Material for the task —
★ ★ ★ ★

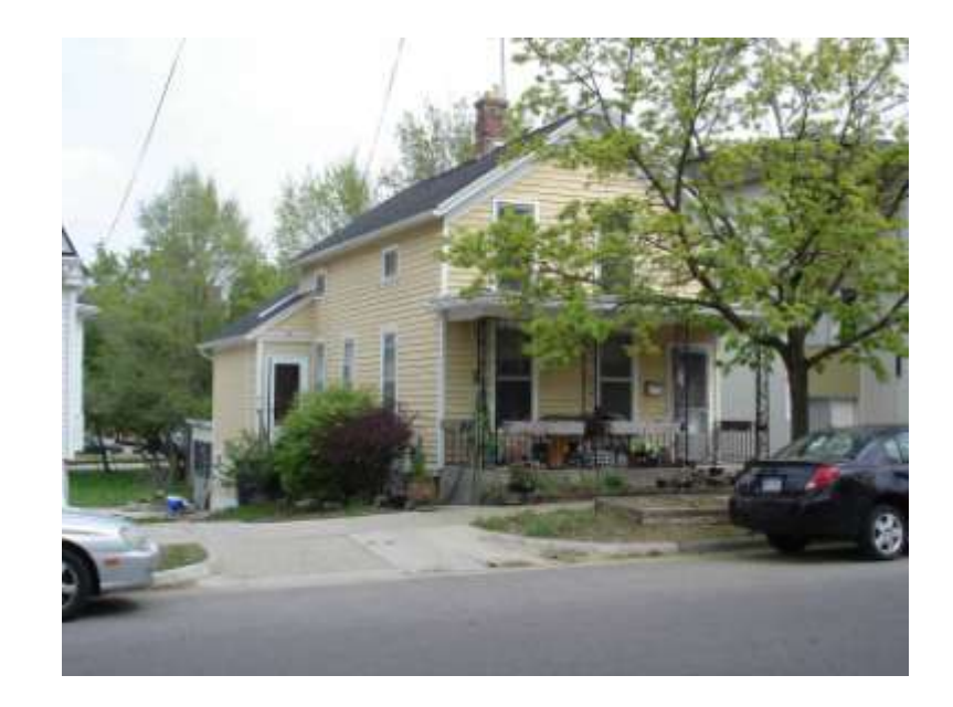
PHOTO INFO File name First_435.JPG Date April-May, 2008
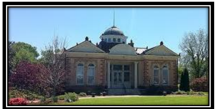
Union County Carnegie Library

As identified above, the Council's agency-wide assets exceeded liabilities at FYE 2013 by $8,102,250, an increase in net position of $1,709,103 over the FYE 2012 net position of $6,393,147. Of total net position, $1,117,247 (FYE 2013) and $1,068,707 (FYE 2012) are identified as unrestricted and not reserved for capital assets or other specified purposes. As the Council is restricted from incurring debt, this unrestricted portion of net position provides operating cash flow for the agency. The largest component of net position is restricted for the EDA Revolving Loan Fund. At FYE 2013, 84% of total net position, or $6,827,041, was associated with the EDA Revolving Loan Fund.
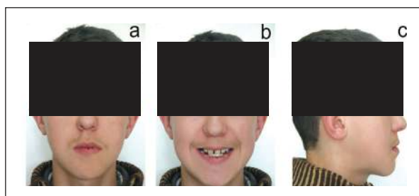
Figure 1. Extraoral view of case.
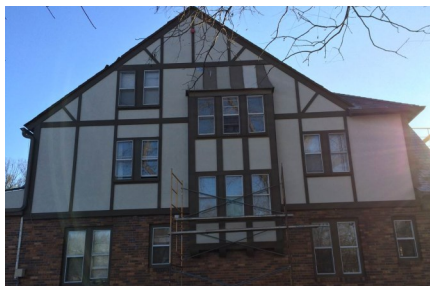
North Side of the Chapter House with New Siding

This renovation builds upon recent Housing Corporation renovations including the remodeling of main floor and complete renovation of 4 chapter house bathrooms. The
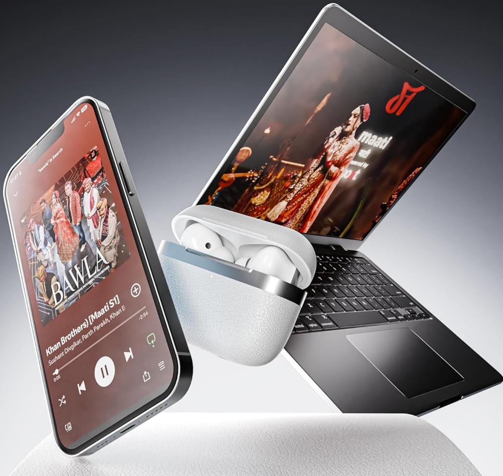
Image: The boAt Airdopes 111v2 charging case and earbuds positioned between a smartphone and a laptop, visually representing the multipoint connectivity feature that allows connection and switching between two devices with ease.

★ ★ ★ ★

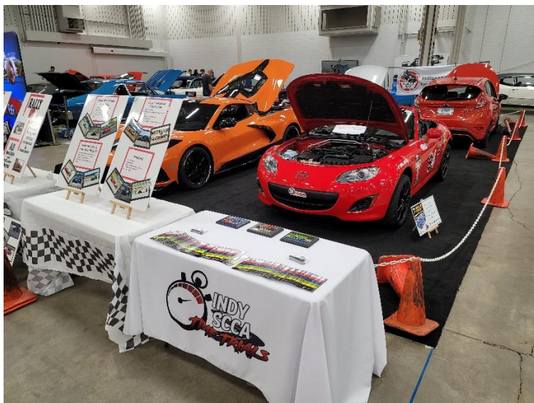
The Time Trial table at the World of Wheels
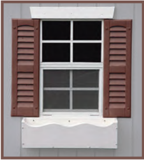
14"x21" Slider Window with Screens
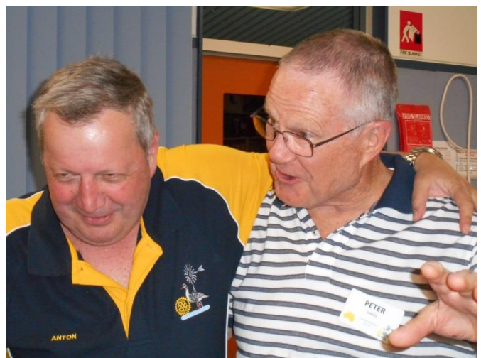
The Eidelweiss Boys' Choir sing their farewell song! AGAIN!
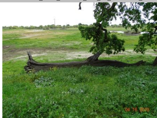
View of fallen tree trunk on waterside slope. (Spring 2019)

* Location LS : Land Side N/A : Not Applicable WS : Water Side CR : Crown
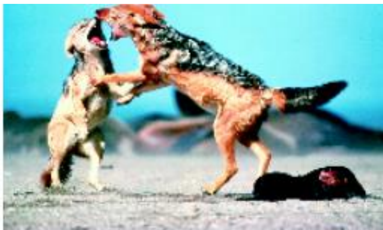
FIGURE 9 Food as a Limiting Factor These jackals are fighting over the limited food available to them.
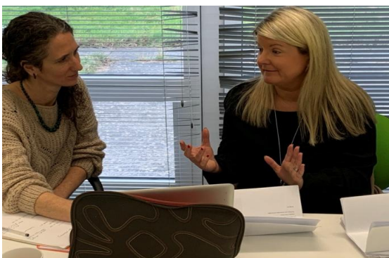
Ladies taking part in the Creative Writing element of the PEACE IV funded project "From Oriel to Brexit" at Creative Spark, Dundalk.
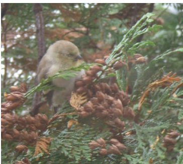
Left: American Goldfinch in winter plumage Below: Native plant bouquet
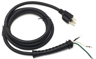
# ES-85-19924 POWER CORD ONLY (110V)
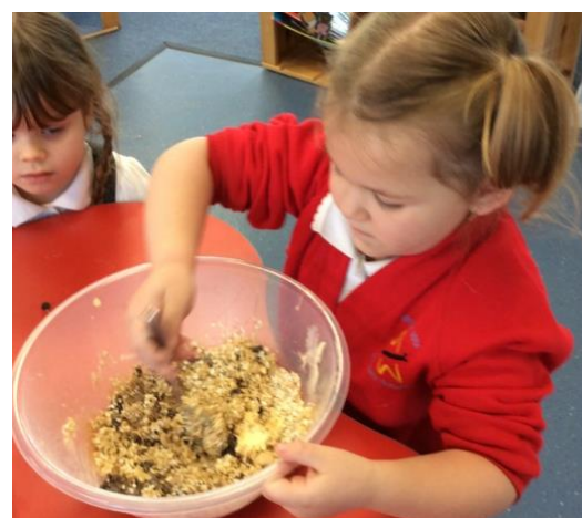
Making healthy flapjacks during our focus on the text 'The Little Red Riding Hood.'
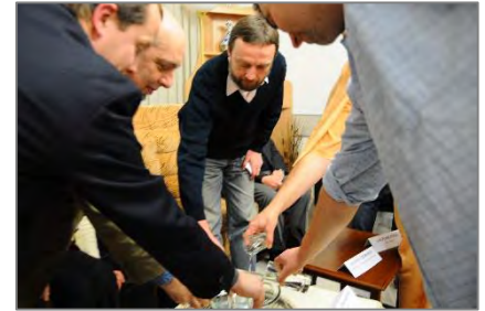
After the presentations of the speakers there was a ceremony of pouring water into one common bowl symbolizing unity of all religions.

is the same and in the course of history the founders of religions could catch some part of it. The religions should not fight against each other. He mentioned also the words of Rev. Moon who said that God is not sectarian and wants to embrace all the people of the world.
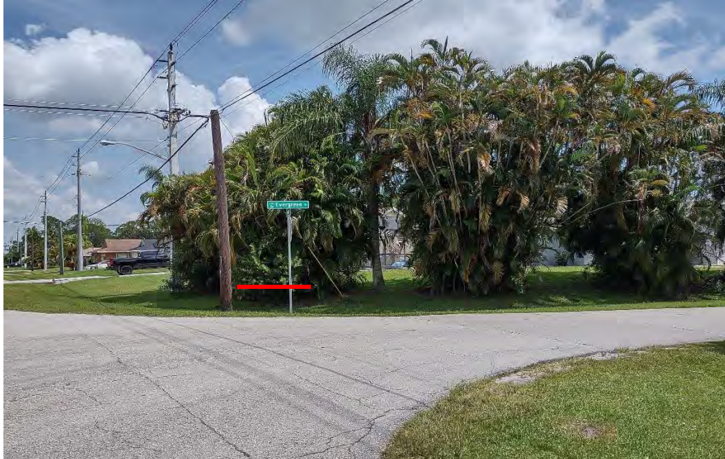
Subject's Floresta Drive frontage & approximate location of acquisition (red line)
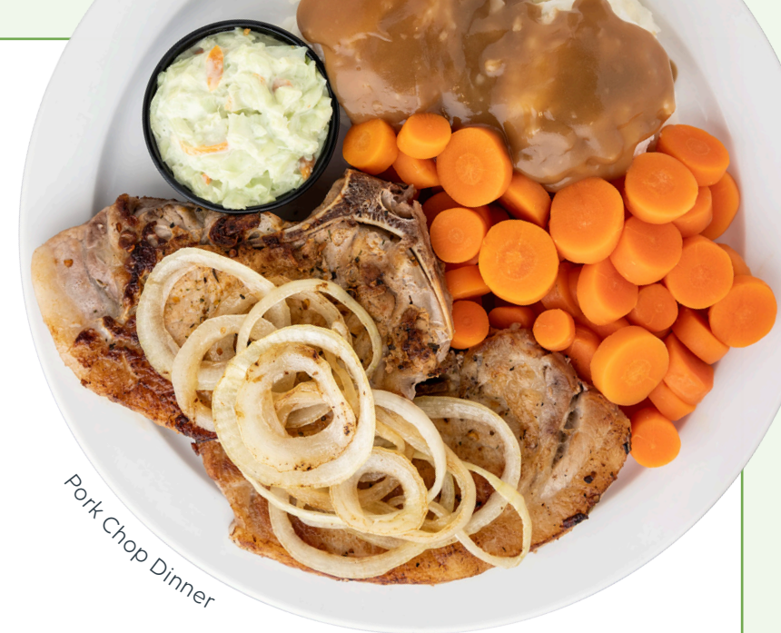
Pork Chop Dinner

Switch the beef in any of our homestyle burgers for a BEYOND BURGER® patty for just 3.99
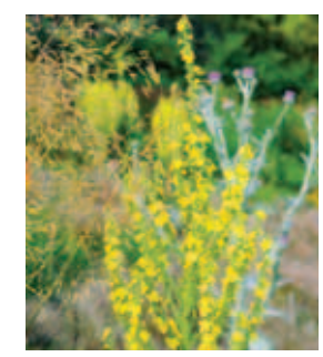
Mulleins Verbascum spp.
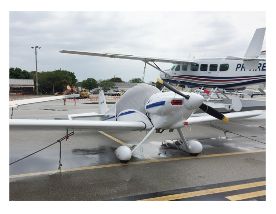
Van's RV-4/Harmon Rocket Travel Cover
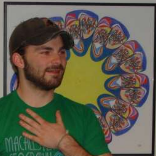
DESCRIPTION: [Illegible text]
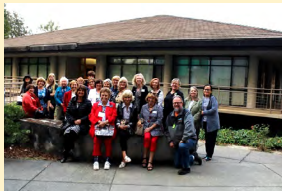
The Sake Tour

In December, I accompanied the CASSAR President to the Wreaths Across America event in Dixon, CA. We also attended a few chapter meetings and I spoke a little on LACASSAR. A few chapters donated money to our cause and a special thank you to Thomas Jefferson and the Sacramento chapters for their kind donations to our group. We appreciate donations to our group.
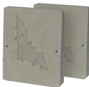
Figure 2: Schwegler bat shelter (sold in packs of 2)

★ ★ ★ ★

Problem to work on —
Given the word "also", show every line of the records that contains it.

Answer —
is the same and in the course of history the founders of religions could catch some part of it. The religions should not fight against each other. He mentioned also the words of Rev. Moon who said that God is not sectarian and wants to embrace all the people of the world.
In December, I accompanied the CASSAR President to the Wreaths Across America event in Dixon, CA. We also attended a few chapter meetings and I spoke a little on LACASSAR. A few chapters donated money to our cause and a special thank you to Thomas Jefferson and the Sacramento chapters for their kind donations to our group. We appreciate donations to our group.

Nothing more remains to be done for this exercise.